やっぱりエルフと言ったら女エルフだろう。
なぜ異世界に来ての初エルフが男なんだ。
「ざっくり言うと努力だね。才能があっても努力しないと無駄になっちゃうからね」
「なるほど!ありがとうございます!」
ざっくり過ぎるだろ、と思ったがレイナが納得しているので言わないでおいた。
「どうしてこの町に?」
「七大冒険者は世界中の町を代わる代わるに回って助けたりしているんだ」
「七大冒険者ってそんなことしてたんだ」
「それと君、冒険者なりたてなのにギガントタイガー倒したんだって?凄いじゃないか」
「え、なんでそれを……」
「なんでって七大冒険者だからね」
全く答えになっていないがこれ以上聞くと不味い気がするので流しておいた。
「じ、じぁ僕達はこれで……」
「話し相手になってくれてありがとうね、バイバイ」
ユウさんと別れ、僕達はギルドに向かった。
「あの今度こそ冒険者登録したいんですけど」
「あ、そうでしたね。じぁ説明はお仲間さんが既に聞いているので省いて……」
「それでいいの!?」
「説明してあげて下さいね」
お姉さんはスキルMA・RU・NA・GEを使った!
ハルは精神的ダメージを負った!
「じぁこの石版に触れて下さい」
―――――――――――――――――――――――――
名前:レイナ
称号:なし
スキル:【火魔法:初級】【水魔法:初級】【回復魔法:初級】【結界魔法:初級】
ランク:鋼
―――――――――――――――――――――――――
「はい、これで完了です。
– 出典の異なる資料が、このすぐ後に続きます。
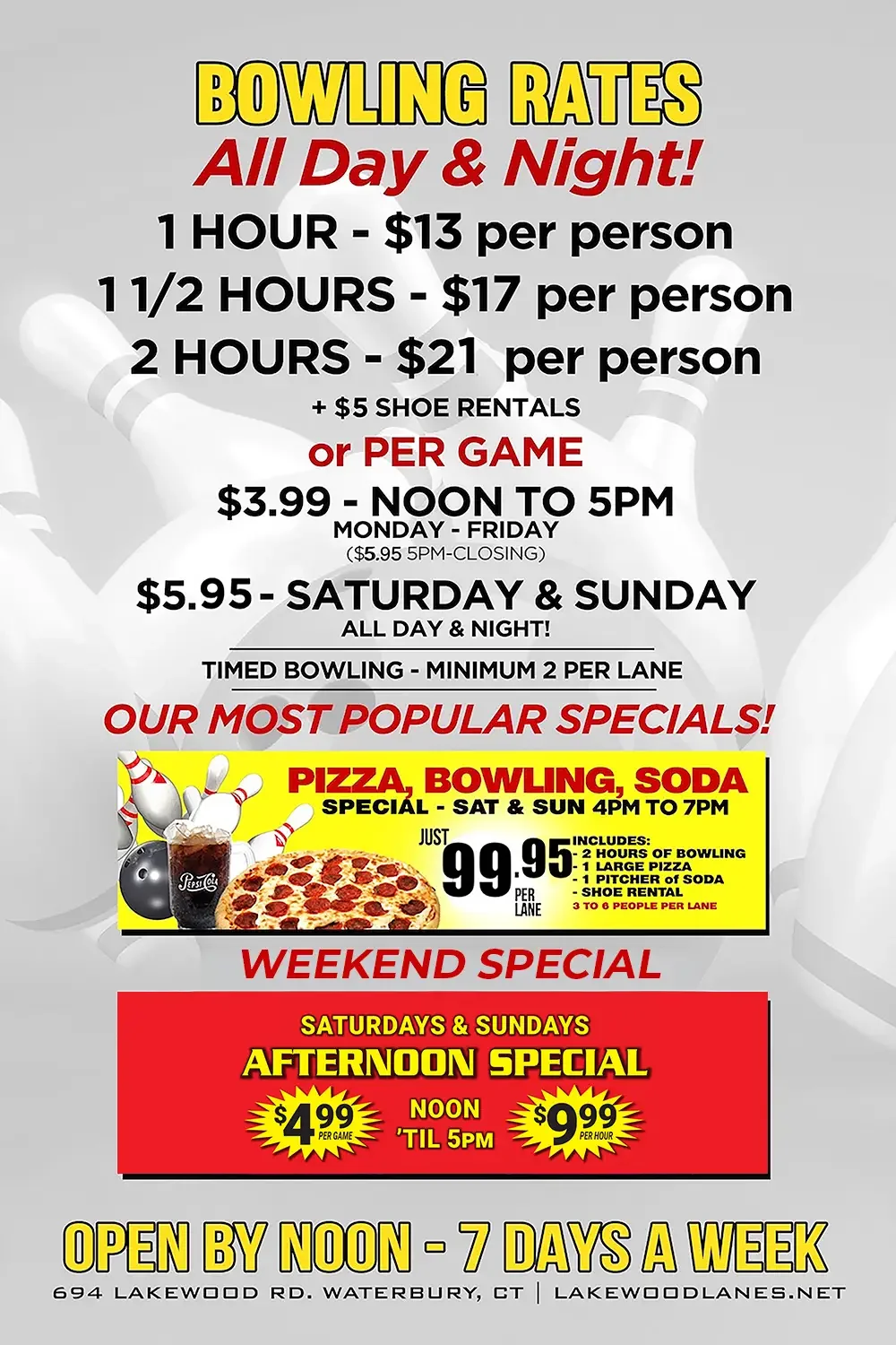 Check out our latest specials and make your next visit even more fun! Whether you're planning a family outing, a night with friends, or just want to take advantage of great offers, we've got something for everyone at Lakewood Lanes.
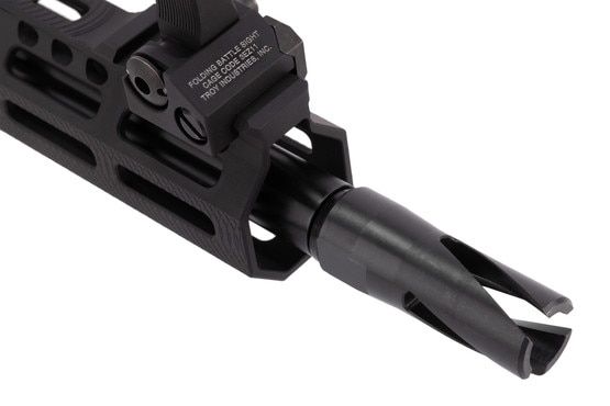 - Troy flip-up iron sights included
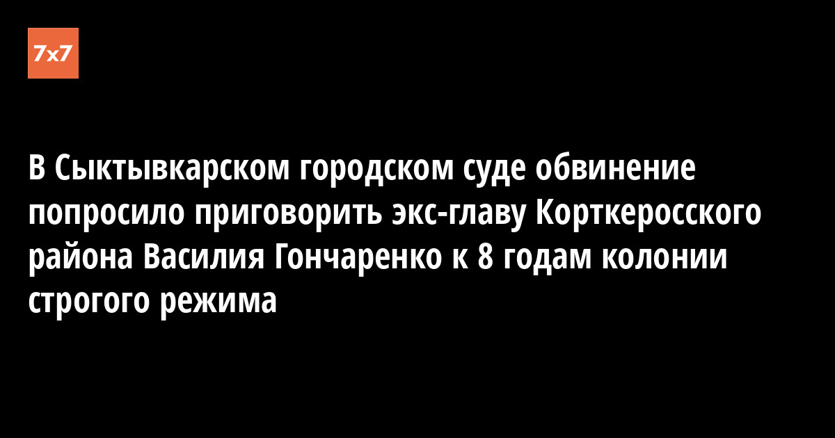 На судебном заседании в Сыктывкарском районном суде государственный обвинитель попросил назначить бывшему главе Корткеросского района Республики Коми Василию Гончаренко наказание в виде восьми лет лишения свободы в колонии строгого режима со штрафом 2 млн 750 тыс. руб. Обвинение считает доказанной вину Гончаренко в получении взятки. Об этом 25 июня сообщил портал «Комиинформ».
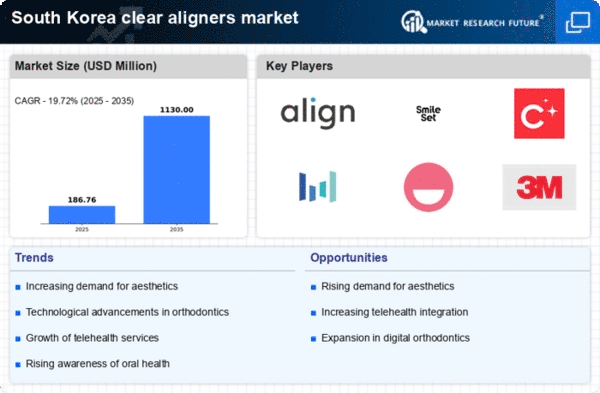 Technological advancements play a pivotal role in shaping the clear aligners market in South Korea. Innovations such as 3D printing and advanced imaging techniques enhance the precision and effectiveness of aligner production. These technologies enable dental professionals to create customized treatment plans tailored to individual patient needs, thereby improving patient satisfaction and outcomes. Furthermore, the integration of artificial intelligence in treatment planning is expected to streamline processes and reduce turnaround times. As a result, the clear aligners market is likely to witness increased adoption rates among both practitioners and patients, contributing to an anticipated market growth of around 20% in the coming years. This technological evolution not only enhances the quality of care but also positions clear aligners as a preferred choice in modern orthodontics.

レイナさんは魔法使いタイプですね」
「ありがとうございました!」
「よし、今日はもう遅いし宿屋に行こうか」
「うん!」
レイナは冒険者登録出来たので何だが浮かれていた。
――宿屋――
「いらっしゃい!」
「こんばんわ」
「あんたたちカップルかい?なら一部屋でいいね?」
おばちゃんがニヤニヤしながらそう言ってくる。
心の奥底に閉まっていた失恋の記憶が蘇る。
「やだなぁ、やめてくださいよ。もちろん2部屋でお願いします」
レイナがメンタルがズタボロになって小さくなっている僕の代わりにそう言ってくれる。
「ハッハッハ!!冗談さ、この男がオドオドしてたから少しからかっただけさ!はい、部屋の鍵ね」
客をからかうとはどういうことだ。
心と体を休めるのが宿屋じゃないのか。
休まるどころか傷ついたぞ?えぇ?泣くぞ?
その日の夜、前の世界の夢を見て枕を濡らしたのは言うまでもないだろう。
――翌朝――
「おはよう、ハル」
「おはよう、レイナ」
「聞いてなかったけどこの町では何をする予定なの?」
「あんまり決めてないけど、とりあえずお金を貯めたいね」
「わかった!ならギルドにいってクエスト受けまくろう!」
やっぱりレイナは冒険者になれたのでテンションが高い。
僕達はギルドで適当なクエストを受け、目的地の林に向かった。
林で採取をしていると悲鳴が聞こえてくる。
「きぁぁぁ!!誰か助けてー!!」
「レイナ!」
「うん!」
声が聞こえた方へ向かうと1人の女の子が馬車に無理矢理乗せられようとしていた。